--- Data provided ---
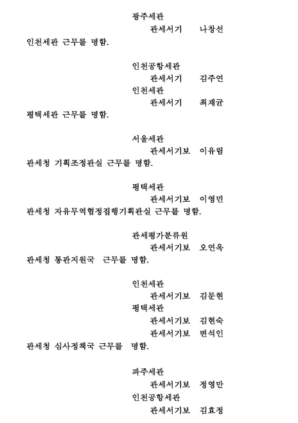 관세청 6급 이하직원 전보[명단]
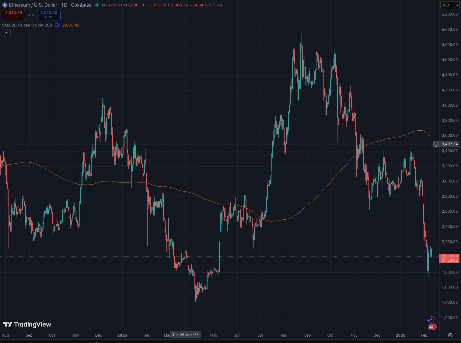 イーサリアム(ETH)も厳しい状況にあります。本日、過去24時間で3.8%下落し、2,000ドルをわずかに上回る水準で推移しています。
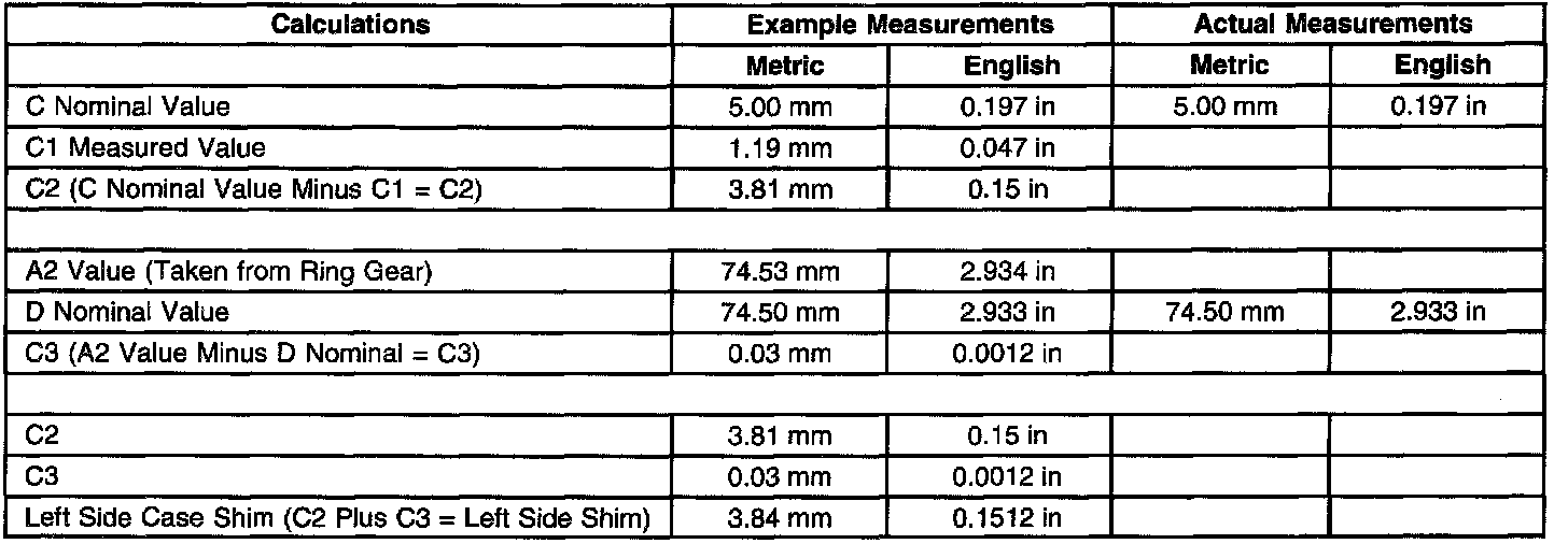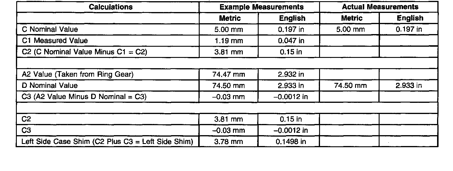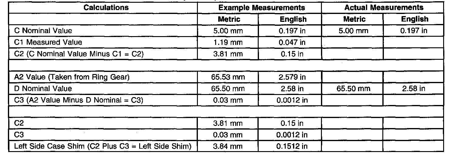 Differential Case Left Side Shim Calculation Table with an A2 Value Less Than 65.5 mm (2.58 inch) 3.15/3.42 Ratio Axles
---
--- Data provided ---
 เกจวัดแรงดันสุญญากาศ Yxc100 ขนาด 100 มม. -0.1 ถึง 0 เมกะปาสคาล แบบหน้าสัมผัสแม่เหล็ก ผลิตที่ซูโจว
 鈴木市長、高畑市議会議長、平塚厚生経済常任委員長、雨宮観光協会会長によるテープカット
---
Aim of the task — Going by the entries above, repeat exactly the lines that start at the line with "イーサリアム(ETH)も厳し" and go on through the line with "Differential Case Left". Pictures are not part of the copy.

Solution to this task —
 イーサリアム(ETH)も厳しい状況にあります。本日、過去24時間で3.8%下落し、2,000ドルをわずかに上回る水準で推移しています。
 Differential Case Left Side Shim Calculation Table with an A2 Value Less Than 65.5 mm (2.58 inch) 3.15/3.42 Ratio Axles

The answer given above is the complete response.